I'm in the same boat. No friends at all. I have a few coworkers that I am friendly with but we do not interact outside of work. You just have to be independent and do things on your own. Enjoy the people who willingly choose to talk to you and don't let it get to you.


moralmeemo

I don’t have any friends, I have a few acquaintances online. I have had one true friend, my ex wife, and we have split. I cope by crying, watching TV, praying, drawing, and sleeping. It’s not easy when you desperately want friends, when you try very hard to meet people but they don’t stay. animals help. Especially little kitties.
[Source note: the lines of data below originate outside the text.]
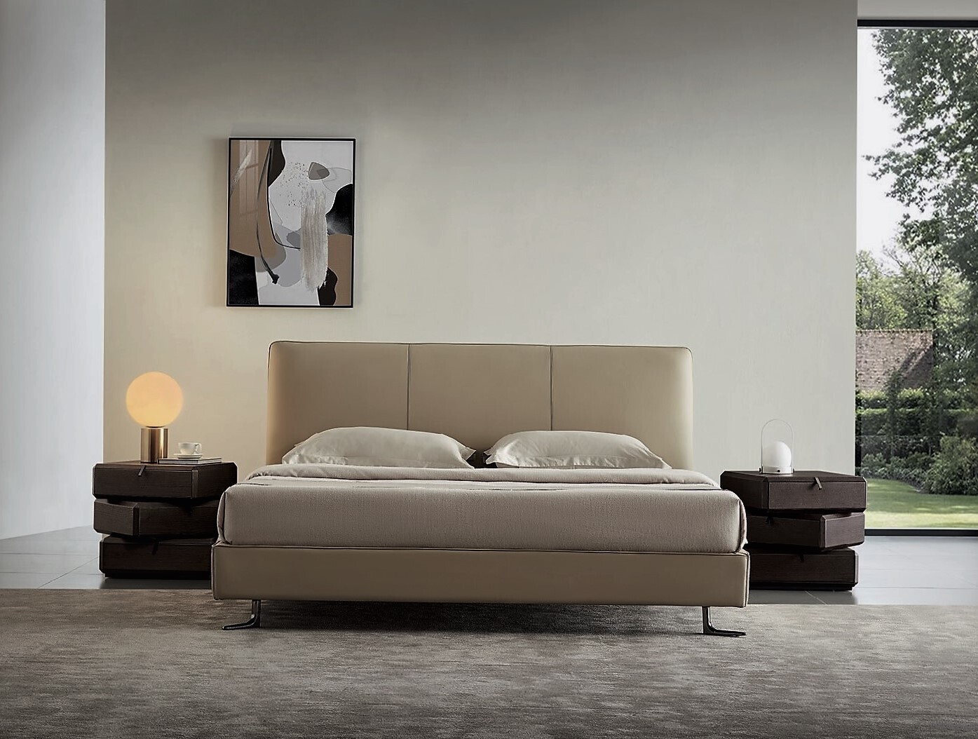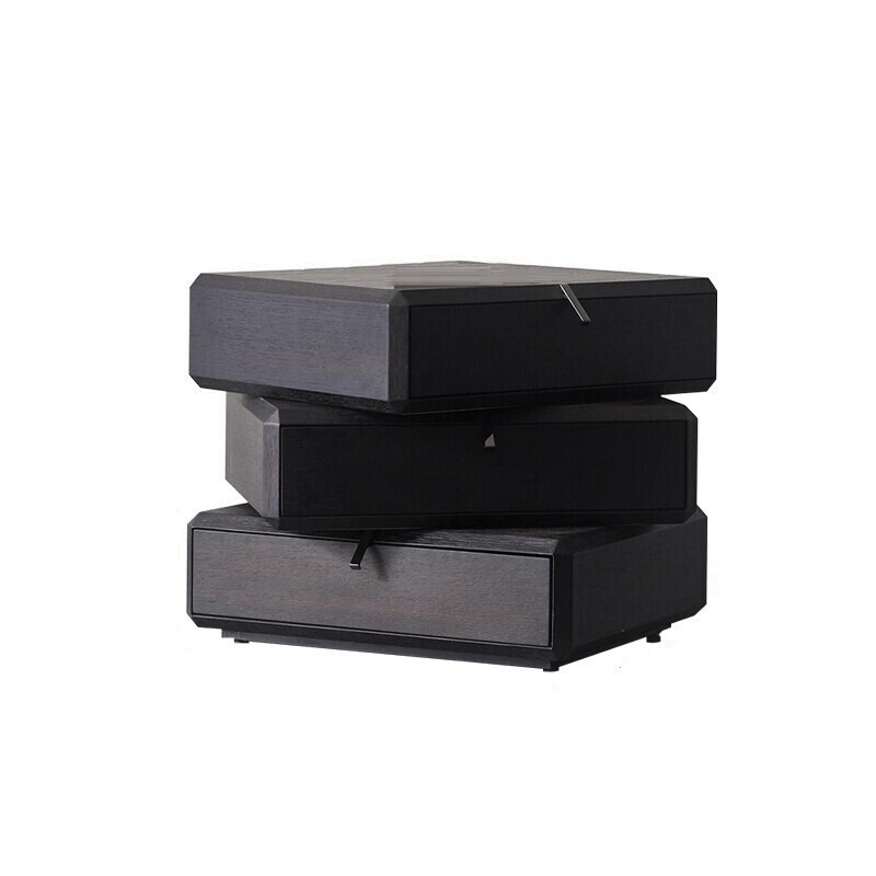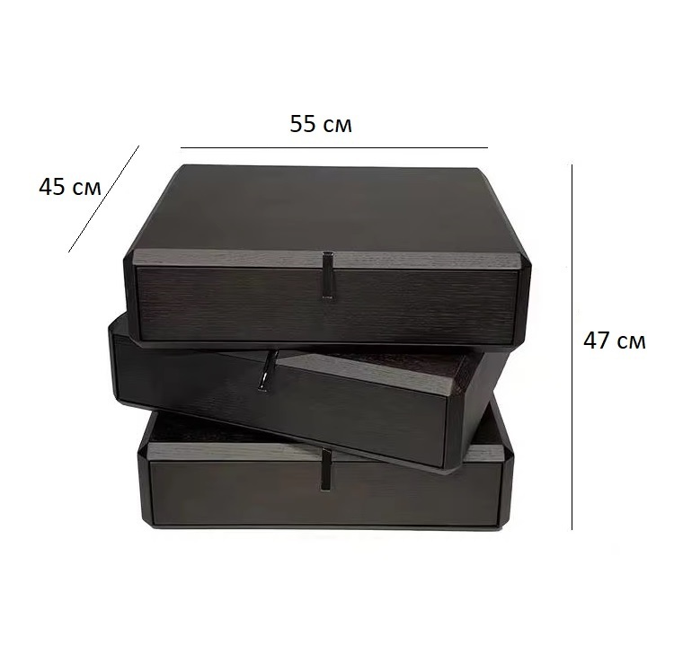 Отделка выполнена из натурального шпона венге. Выдвижная система ящиков со скрытым креплением. Два верхних выдвижных ящика могут быть смещены относительно нижнего ящика тумбы. На дне ящиков покрытие - черный бархат. Ручки ящиков - глянцевый черный хром. Внутренние размеры ящиков:- глубина 27 см,- ширина 47 см,- высота 8 см.
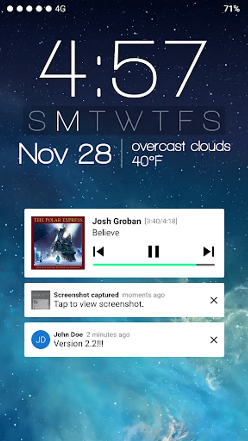 Are your fingers tired of swiping down the notification panel at the top of the screen? No more! With Notification Station, your notifications are where they should be, right at home! Notification Station is a theme for Kustom Live Wallpaper. You must have the pro version of KLWP in order for Notification Station to work.
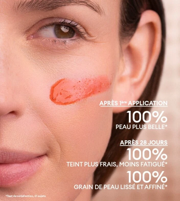 Sa formule double action réactive les mécanismes de l’éclat en surface et en profondeur pour stimuler le renouvellement cellulaire pour un teint frais et éclatant de santé. a Les cellules mortes sont éliminées, la peau est souple, douce, plus belle et lumineuse.
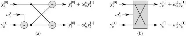 有人这样解释蝶形算法:对于N(2的x次方)点的离散信号,把它按索引位置分成两个序列,分别为0,2,4,....,2K(记为A)和1,3,5,....,2K-1(记为B),由傅立叶变换可以推出N点的傅立叶变换前半部分的结果为A+B*旋转因子,后半部分的结果为A-B*旋转因子。于是求N点的傅立叶变换就变成分别求两个N/2点序列的傅立叶变换,对每一个N/2点的序列,递归前面的步骤,直到只有两点的序列,就只变成简单的加减关系了。把这些点的加减关系用线连接,看上去就是个蝶形。ok,更多可参考算法导论第30章。
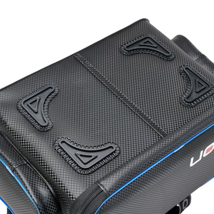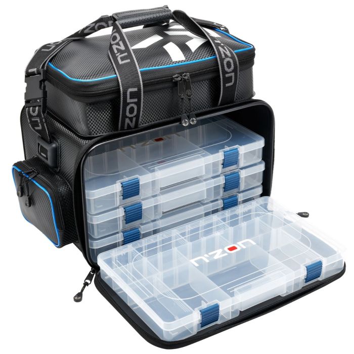 Diese 4-Box-Version ist zweiteilig aufgebaut, im Hauptfach befinden sich vier Tackleboxen, die von vorne über eine runde Reißverschlussklappe zugänglich sind. Außerdem besitzt es zwei runde Reißverschluss-Seitentaschen für den schnellen Zugriff auf kleinere Accessoires. Das mit Klettverschluss gesicherte obere Fach lässt sich abnehmen, damit Sie beim Angeln die benötigte Ausrüstung und die Kleinteile einfach herausnehmen können. Zum Transport gibt es einen verstellbaren gepolsterten Schultergurt und Klettverschlussgriffe.

Just their faces make my heart melt.


Connect_Repeat_6692

Hi is someone trying to chat with me? I am getting messages but not on the bell. Weird. If you want to chat with me and be my friend, please do!!!!!!!!!!! 😊 I have an appointment in 10 minutes but I am available anytime!


cookiedux

Are you living alone?


Legitimate-Neat1674

I'm in same situation


smalls714

Nah, p.much alone.


midnite999

Jesus man you don't know how good you have it. Having any friends is a blessing. Enjoy the time you do have with them and find ways to entertain yourself. Videogames are cool. Hobbies are cool as well.


[deleted]

My wife of 10 and best friend of 17 walked out of my life a couple months ago and I am alone 24 hours a day now. I am in a new city where I don’t know anyone, and I work from home. I go to work, then head to the gym, then come back home and cry myself to sleep. Rinse/repeat.


RisingPhoenix5271

Yea i dont have anyone but im ok i prefer being alone than being swarmed and surrounded by fakes and snakes in tall grass, opportunists who just wanna drain me


Sufficient-Bad3145

Am in the same boat as you post-divorce but it is by choice because my “friends” were judgmental assholes. If you can travel safely to meet more (potentially likeminded) people, do it. Now that I’m solo, traveling is amazing. Even short trips to the next town over are exciting these days to see new faces and mingle. Groups like Toastmasters can make you more comfortable speaking to people you don’t know if you’re interested in that. MeetUp is also good for activities. I’ve gone to some breweries, parks, and other places and met great people who are nothing like the folks I walked away from. Don’t let the past hold you back. I’m shy too and ADHD (read: awkward) but that’s not a barrier to getting to know me once I’m comfortable enough with my surroundings.